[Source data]
Start of Block

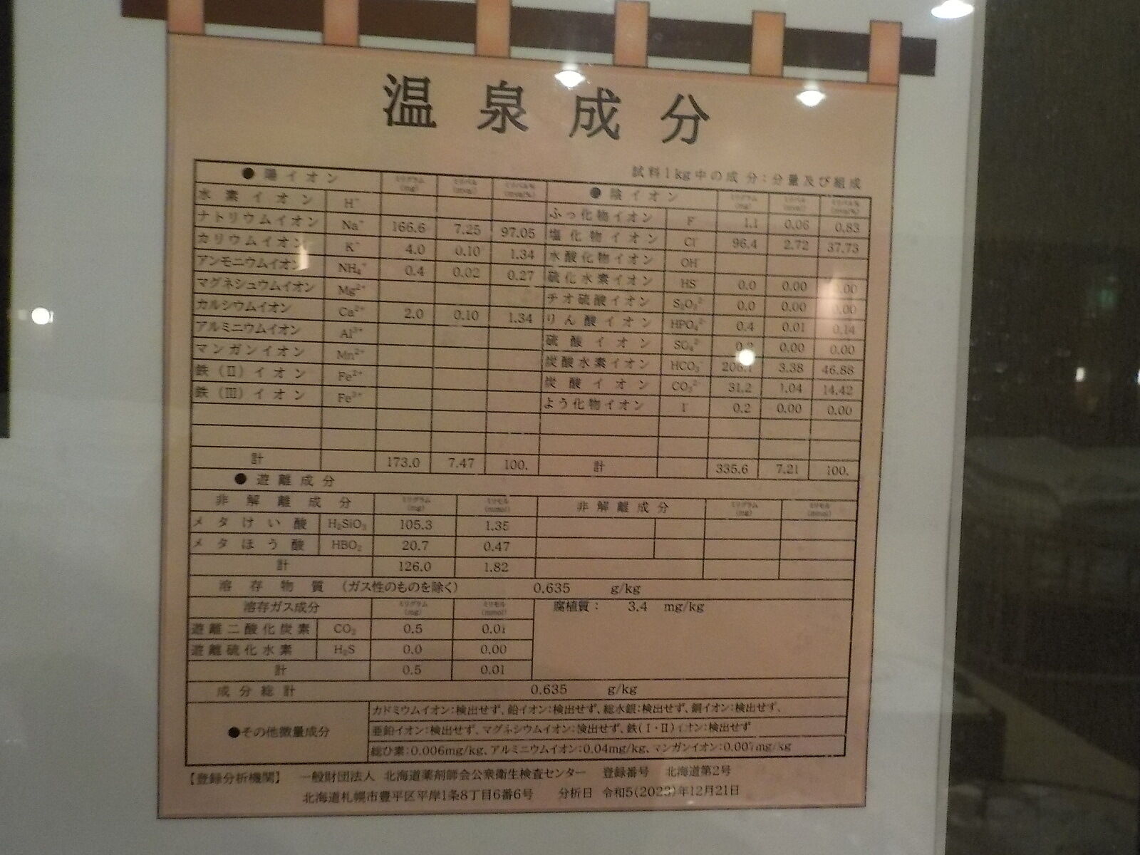 温泉分析書をボードにプリントしているが、何カ所か欠落して不明な個所もある。 令和5年12月21日に分析した温泉分析書(北海道薬剤師会公衆衛生検査センター)。泉温:℃(気温:-℃)、湧出量:ℓ/分、pH値:、溶存物質:0.635g/kg、成分総計:0.635g/kg、泉質:アルカリ性単純温泉(アルカリ性低張性高温泉)(旧泉質名:単純泉)、腐植質:3.4mg/kg
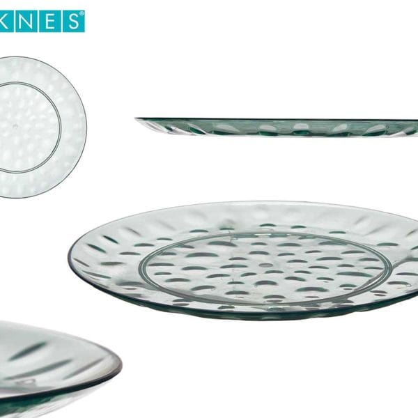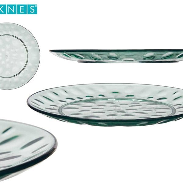 Plato llano de plástico con diseño de puntos en color verde. 30 cm. Dimensiones del Producto: 29,9 x 29,9 x 1,7 cm.
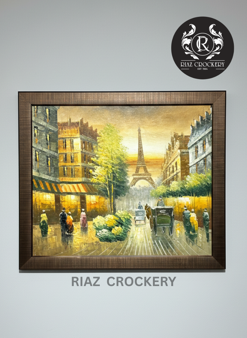 Experience the timeless beauty of a Parisian evening with this captivating handmade painting. It portrays a classic street scene with the majestic Eiffel Tower glowing in the distance, framed by old-world buildings and a horse-drawn carriage. The warm, soft light and visible brushstrokes create a romantic and dreamy atmosphere, perfect for adding a touch of elegance and nostalgia to your living space.
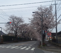 満開の桜に雨が当たって道路沿いに桜の花びらが落ちていました。季節はいよいよ春本番ですね。この街にもようやく厳冬の冬が去り、暖かな春を向かえた証拠です。季節の移り行く様を見て、やはり、どんなに厳しい冬も、辛抱強く待てば、かならず暖かな陽光に溢れた春となるのです。 (訪問:2026/04/04)
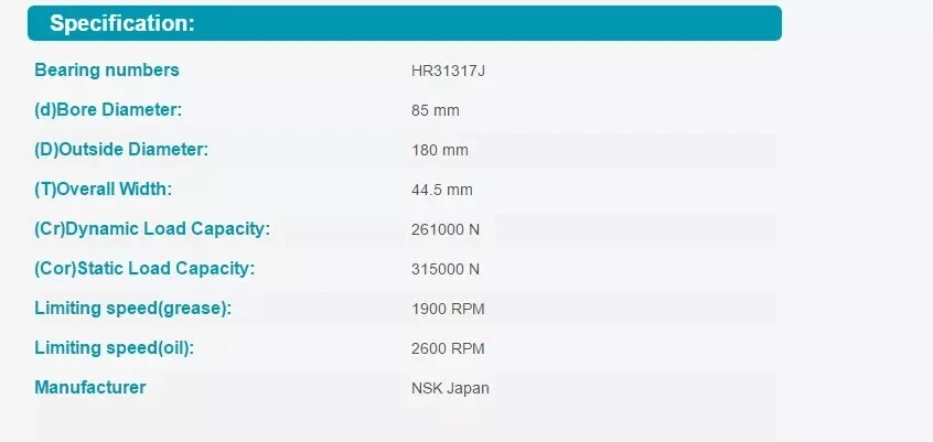 $ 286.86NEW HR31317J Tapered Roller Bearing 85x180x44.5mm 1PC
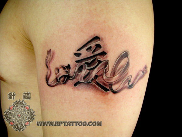 专业纹身店:大臂烙印文字字母纹身图案图片
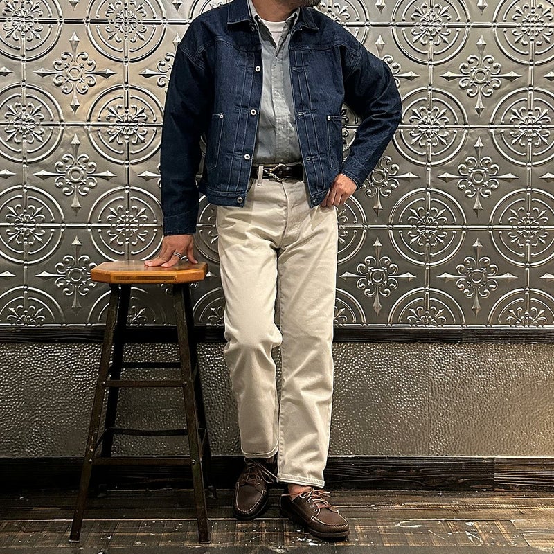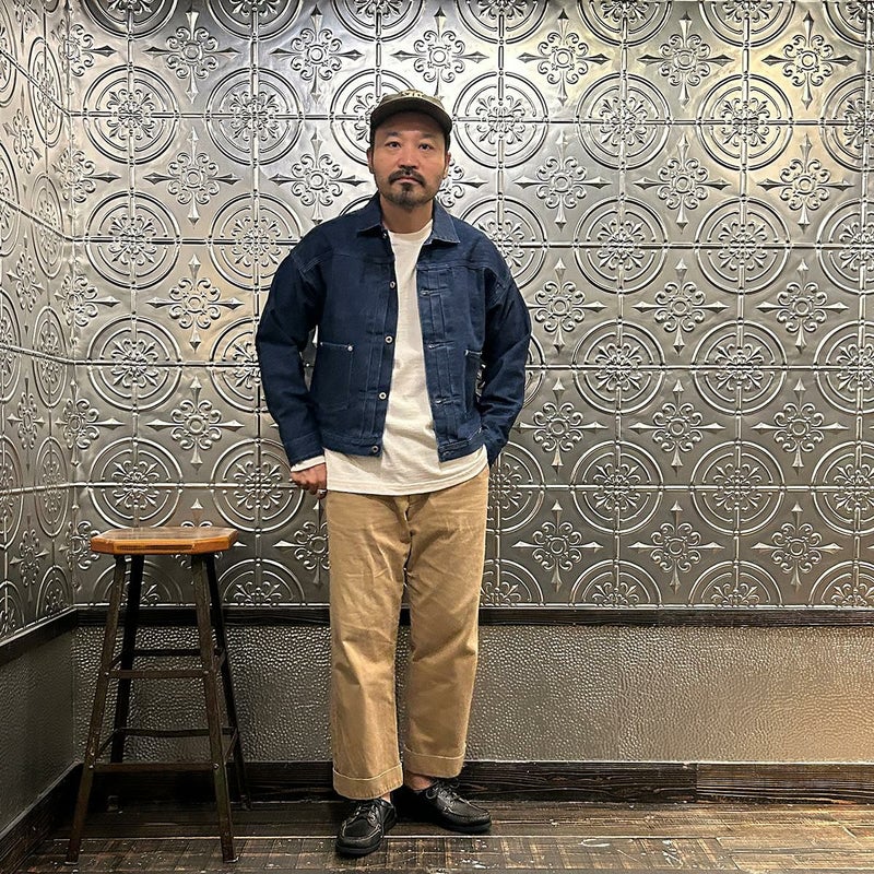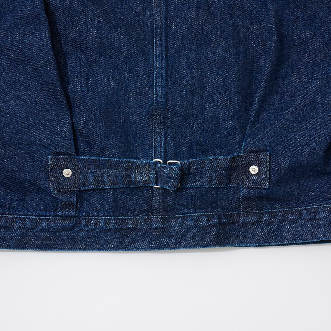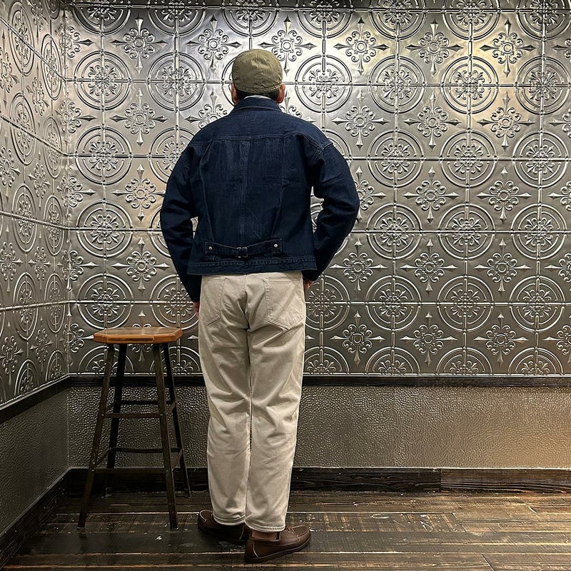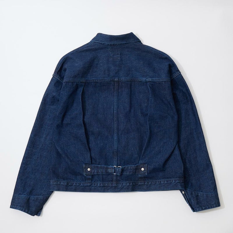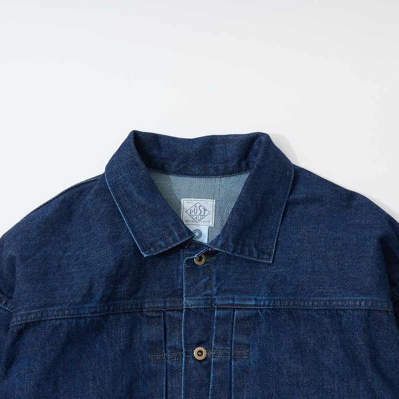 POST OVERALLS (ポストオーバーオールズ) のEL RANCHERO 3 12oz DENIM。デニムのショートジャケット。フロントに2つのパッチポケット。背面はTバックでバックシンチも装備。ドロップショルダーも特徴。身幅が広く着丈の短いボックスシルエット。素材は12オンスのコットンデニム。
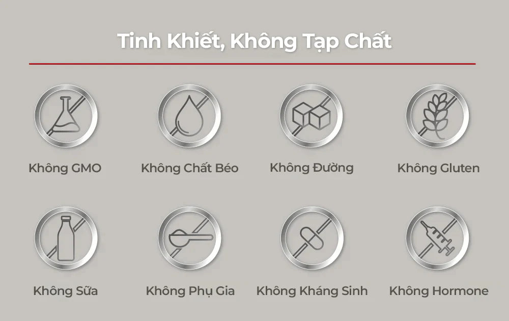 Collagen Hải Sinh AC-I hoàn toàn không chứa các phụ gia như chất độn, chất bảo quản, kháng sinh hay kim loại nặng, không chứa chất béo, đường, gluten, lactose hay sữa. AC-I không sử dụng nguyên liệu biến đổi gen (GMO), thành phần từ GMO hay các chất phụ gia nhân tạo, giúp bạn yên tâm tuyệt đối khi sử dụng.
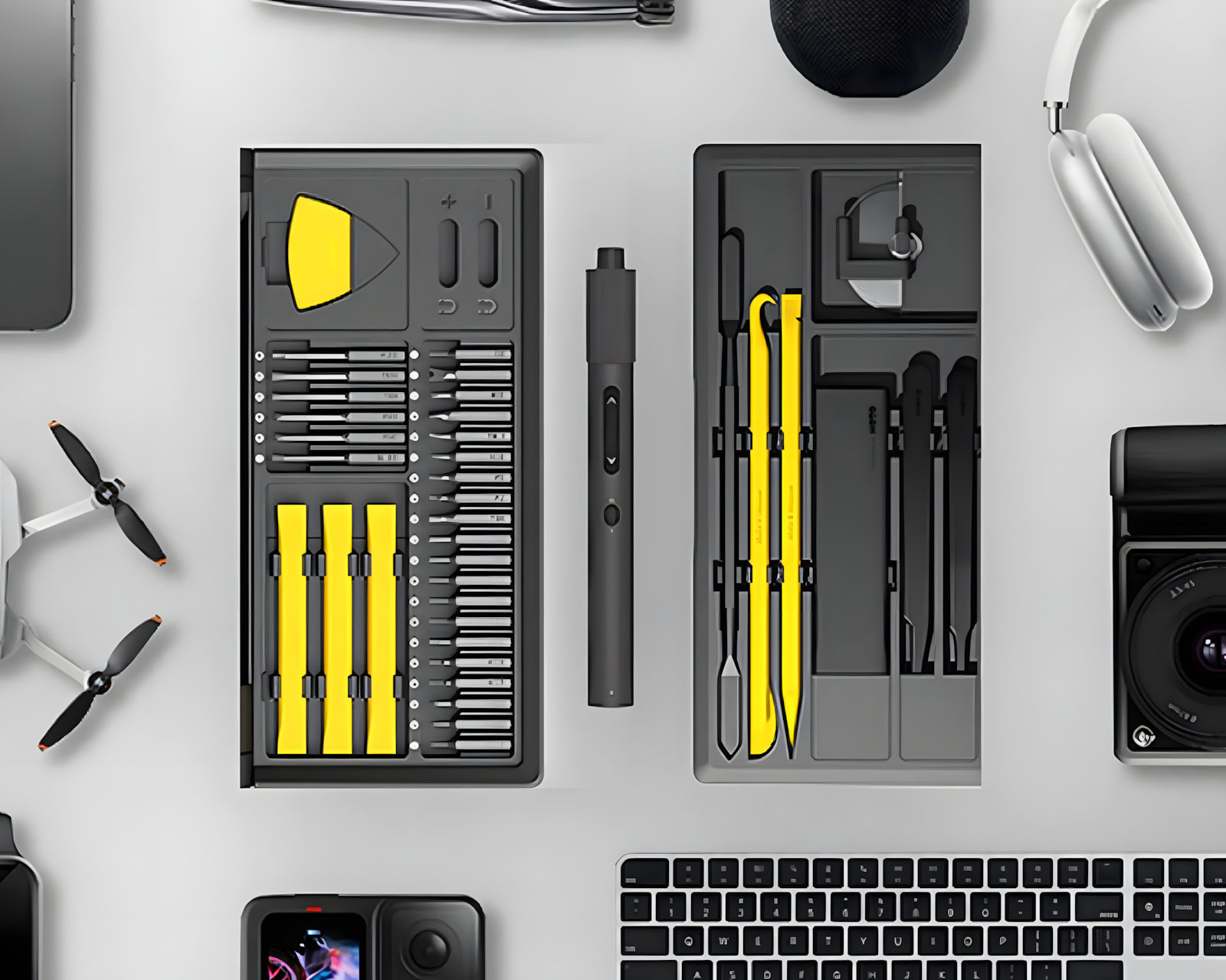 Precision Ruuvimeisselisetti Pro on HOTO:n sähköinen ruuvimeisseli, joka yhdistää tarkkuuden ja käytännöllisen toiminnallisuuden. Se on varustettu kaksoiskierretoiminnolla, mikä tekee helppoa vaihtaa herkistä vaativiin tehtäviin. Yksinkertainen nappilukitus aktivointia varten ja LED-valaistus työskentelyalueen valaisemiseen tarjoavat käyttöystävällisyyttä ja tehokkuutta. Se sisältää myös nopean magneettisen bittivaihdon sujuvaan käsittelyyn.Setti koostuu 48 korkealaatuisesta lisävarusteesta, jotka mahdollistavat laajan käyttöspektrin, pienistä elektronisista laitteista kotikorjauksiin. Koko setti säilytetään klamshell-työaseman sisällä, joka pitää kaiken järjestettynä ja helposti saatavilla. Rakennuslaatu on korkea, ja vahvat materiaalivalinnat takaavat kestävyys. Sähköinen ruuvimeisseli osoittaa luotettavaa suorituskykyä, mikä tekee siitä sopivan sekä ammattilaisille että tee-se-itse-harrastajille, jotka arvostavat tehokkuutta ja tarkkuutta.

End of Block

What's needed here is an exact repeat of all the records above, pictures excluded.

 温泉分析書をボードにプリントしているが、何カ所か欠落して不明な個所もある。 令和5年12月21日に分析した温泉分析書(北海道薬剤師会公衆衛生検査センター)。泉温:℃(気温:-℃)、湧出量:ℓ/分、pH値:、溶存物質:0.635g/kg、成分総計:0.635g/kg、泉質:アルカリ性単純温泉(アルカリ性低張性高温泉)(旧泉質名:単純泉)、腐植質:3.4mg/kg
 Plato llano de plástico con diseño de puntos en color verde. 30 cm. Dimensiones del Producto: 29,9 x 29,9 x 1,7 cm.
 Experience the timeless beauty of a Parisian evening with this captivating handmade painting. It portrays a classic street scene with the majestic Eiffel Tower glowing in the distance, framed by old-world buildings and a horse-drawn carriage. The warm, soft light and visible brushstrokes create a romantic and dreamy atmosphere, perfect for adding a touch of elegance and nostalgia to your living space.
 満開の桜に雨が当たって道路沿いに桜の花びらが落ちていました。季節はいよいよ春本番ですね。この街にもようやく厳冬の冬が去り、暖かな春を向かえた証拠です。季節の移り行く様を見て、やはり、どんなに厳しい冬も、辛抱強く待てば、かならず暖かな陽光に溢れた春となるのです。 (訪問:2026/04/04)
 $ 286.86NEW HR31317J Tapered Roller Bearing 85x180x44.5mm 1PC
 专业纹身店:大臂烙印文字字母纹身图案图片
 POST OVERALLS (ポストオーバーオールズ) のEL RANCHERO 3 12oz DENIM。デニムのショートジャケット。フロントに2つのパッチポケット。背面はTバックでバックシンチも装備。ドロップショルダーも特徴。身幅が広く着丈の短いボックスシルエット。素材は12オンスのコットンデニム。
 Collagen Hải Sinh AC-I hoàn toàn không chứa các phụ gia như chất độn, chất bảo quản, kháng sinh hay kim loại nặng, không chứa chất béo, đường, gluten, lactose hay sữa. AC-I không sử dụng nguyên liệu biến đổi gen (GMO), thành phần từ GMO hay các chất phụ gia nhân tạo, giúp bạn yên tâm tuyệt đối khi sử dụng.
 Precision Ruuvimeisselisetti Pro on HOTO:n sähköinen ruuvimeisseli, joka yhdistää tarkkuuden ja käytännöllisen toiminnallisuuden. Se on varustettu kaksoiskierretoiminnolla, mikä tekee helppoa vaihtaa herkistä vaativiin tehtäviin. Yksinkertainen nappilukitus aktivointia varten ja LED-valaistus työskentelyalueen valaisemiseen tarjoavat käyttöystävällisyyttä ja tehokkuutta. Se sisältää myös nopean magneettisen bittivaihdon sujuvaan käsittelyyn.Setti koostuu 48 korkealaatuisesta lisävarusteesta, jotka mahdollistavat laajan käyttöspektrin, pienistä elektronisista laitteista kotikorjauksiin. Koko setti säilytetään klamshell-työaseman sisällä, joka pitää kaiken järjestettynä ja helposti saatavilla. Rakennuslaatu on korkea, ja vahvat materiaalivalinnat takaavat kestävyys. Sähköinen ruuvimeisseli osoittaa luotettavaa suorituskykyä, mikä tekee siitä sopivan sekä ammattilaisille että tee-se-itse-harrastajille, jotka arvostavat tehokkuutta ja tarkkuutta.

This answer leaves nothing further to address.